During recording, the ADC 102 converts the video and audio signals, which are analog signals to be recorded, into digital signals, and the DSP encoder 104 provides binary information ("1", "0") provided through the ADC 102. Converts the input data bit stream consisting of ") into random data using an scrambler configured therein, and arranges data randomized by an error correction encoder configured therein in two dimensions for a predetermined error correction code, and two dimensions. The external code parity and the internal code parity are inserted into the error correction codes arranged in order to provide ECC block data, and the internally configured modulator converts the error correction coded data into a recording code string by a predetermined modulation scheme and converts the synchronization code. Insert it. Here, the synchronization code insertion is inserted every m bytes (= 5 * (103 + C) / n (n, m is an integer)). The write compensator 106 compensates for the write pulse in order to improve the recording density characteristic and to reduce the waveform interference during reproduction. The optical power controller 108 converts the compensated write pulse into an optical signal and writes it to the optical disk 110.

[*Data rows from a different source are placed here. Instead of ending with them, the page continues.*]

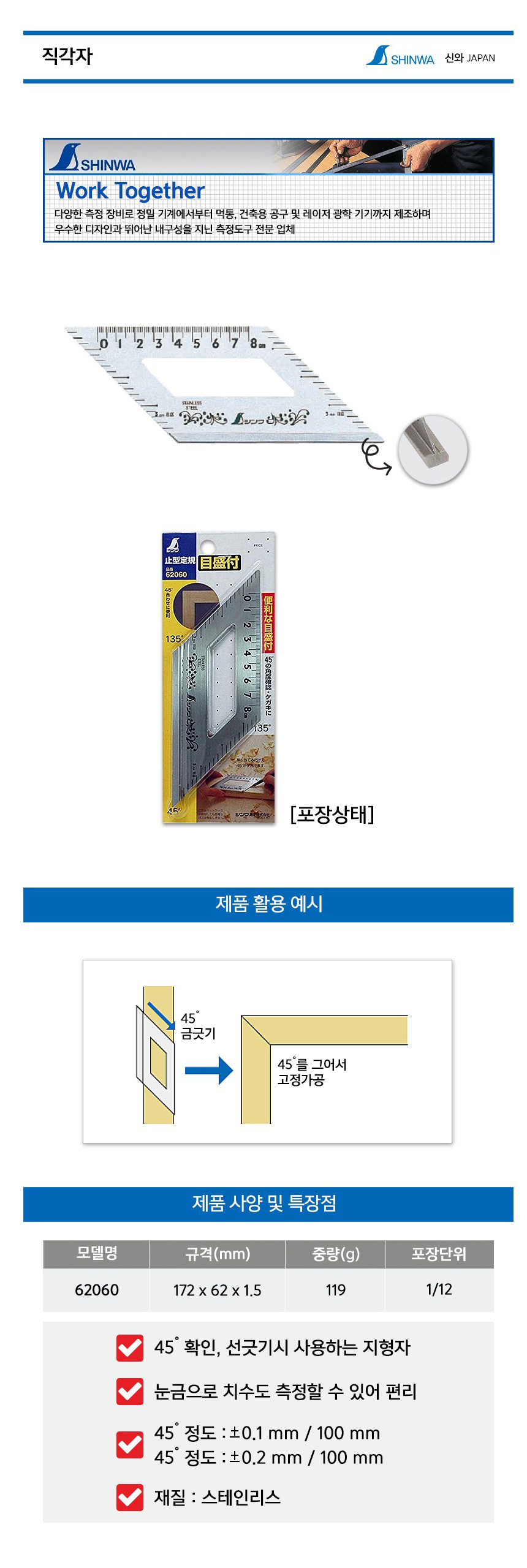 신와 스퀘어(자유자) 62596 SHINWA-신와,직각자,연귀자,,목공구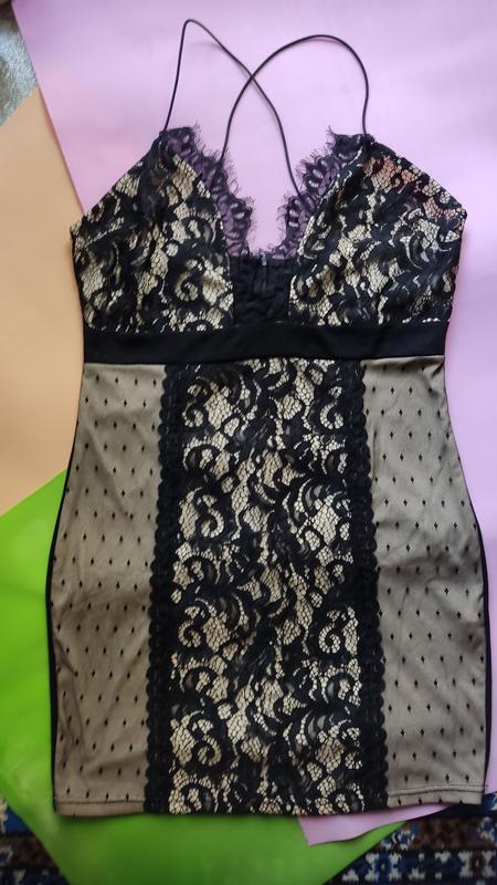 Платье короткое с кружевом на тонких лямочках, на спине молния, очень красиво садится по фигуре.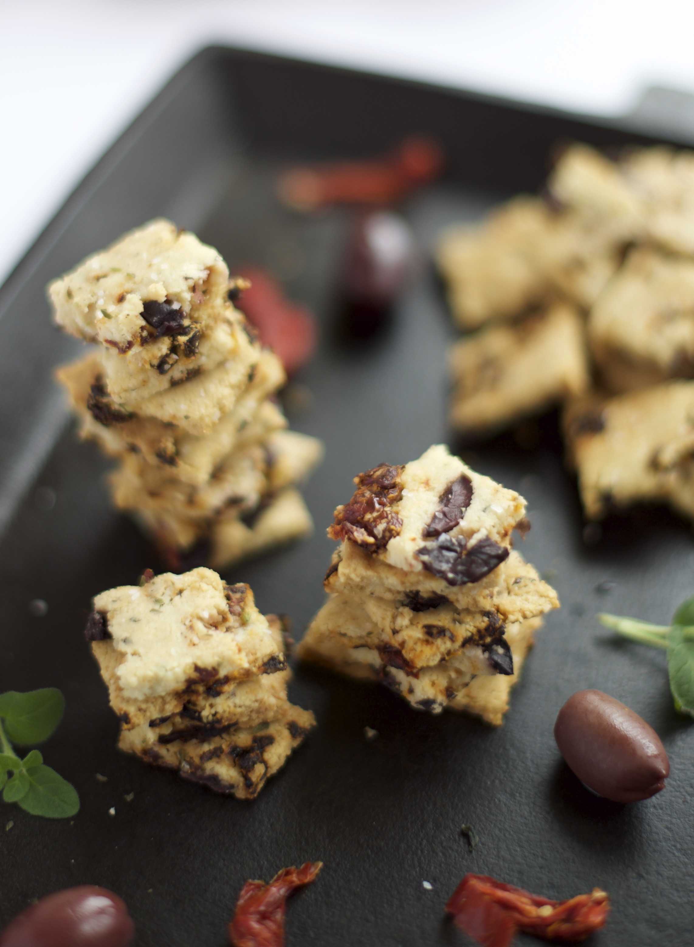 Ever since I first made grain-free crackers, I have been dying to try them with sun-dried tomatoes and black olives. To be honest, I’m actually not a huge fan of raw tomatoes. I’m definitely one of those people that would push the tomatoes to edge of the plate when they come with a salad, but sun-dried tomatoes are a completely different story for me. Sun dried tomatoes have a wonderful savory flavor that would be hard to replicate. I love the distinct flavor sun-dried tomatoes add to any dish. Paired with olives, they perfectly complement each other; creating a heavenly mixture of savory saltiness.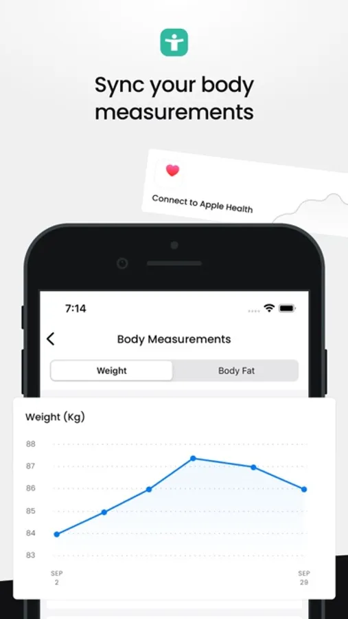• Sync with Apple Health in order to track your weight and body fat percentage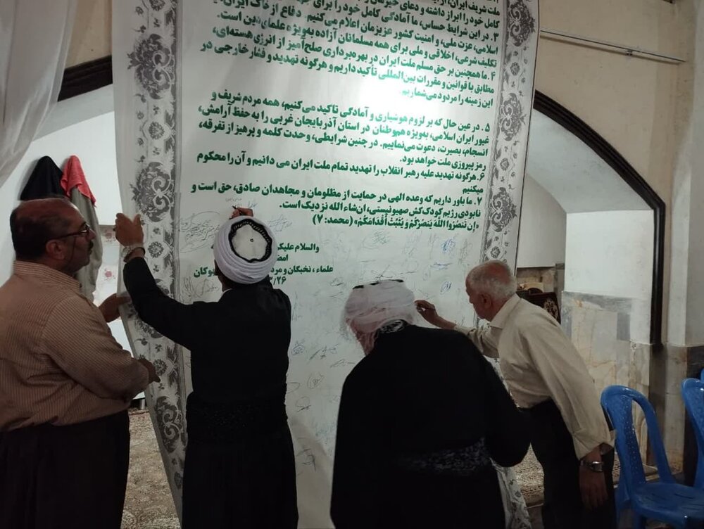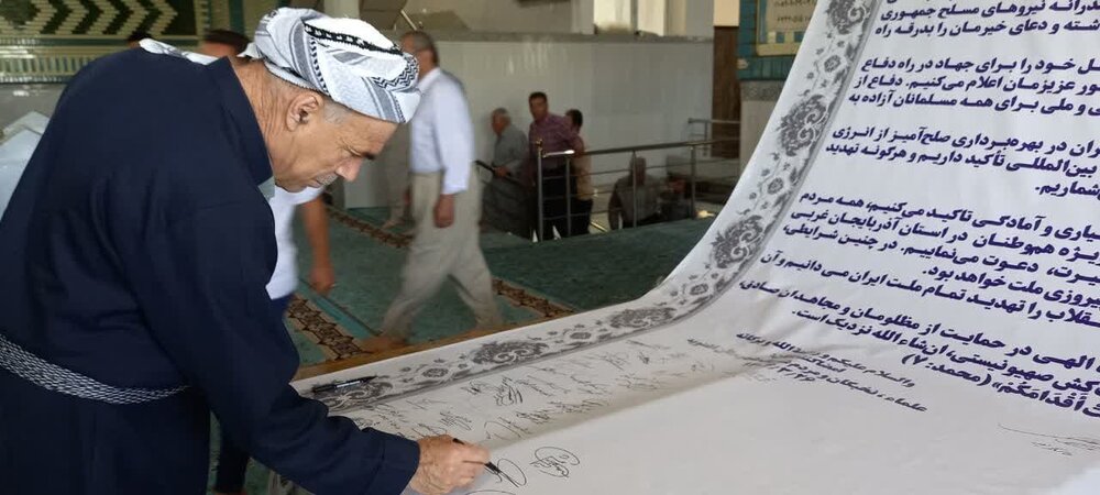 حوزه/ مردم اهل سنت آذربایجان غربی در محکومیت تجاوزات رژیم صهیونیستی و حمایت از رهبر انقلاب و نیروهای نظامی در نماز جمعه های استان، به امضای بیانیه پرداختند.

In reproduction, the photo detector 112 converts the optical signal reflected from the optical disk 110 into a current signal, the reproduction amplifier 114 amplifies the reproduction signal converted into the current signal, and the reproduction equalizer 116 The waveform shaping is performed after distortion and noise of the reproduction signal are removed, and the synchronization restorer 118 recovers the synchronization signal and the reproduction data from the reproduction signal provided from the reproduction equalizer 116. The detector configured inside the DSP decoder 120 determines whether there is a transition of the reproduction pulse of the light in a time zone determined by using the synchronization signal generated from the synchronization restorer 118, that is, a detection window. Is detected, and the demodulator configured to demodulate the detected code string into a data bit string, and the error correction decoder configured therein corrects an error of the demodulated data. The DAC 122 converts the demodulated data bit string into an analog video signal and an audio signal and outputs the analog video signal and the audio signal.

The ECC encoding performed by the error correction encoder inside the DSP encoder 104 shown in FIG. 5 will be described with reference to FIG. 6.

To generate an error correction code using GF (2 ⁸ ) primitive polynomials for 8-bit data codewords, the primitive polynomial of Equation 1 is used, and is shown in FIG. 6 for gal and long multiplication. Use a Look Up Table as shown.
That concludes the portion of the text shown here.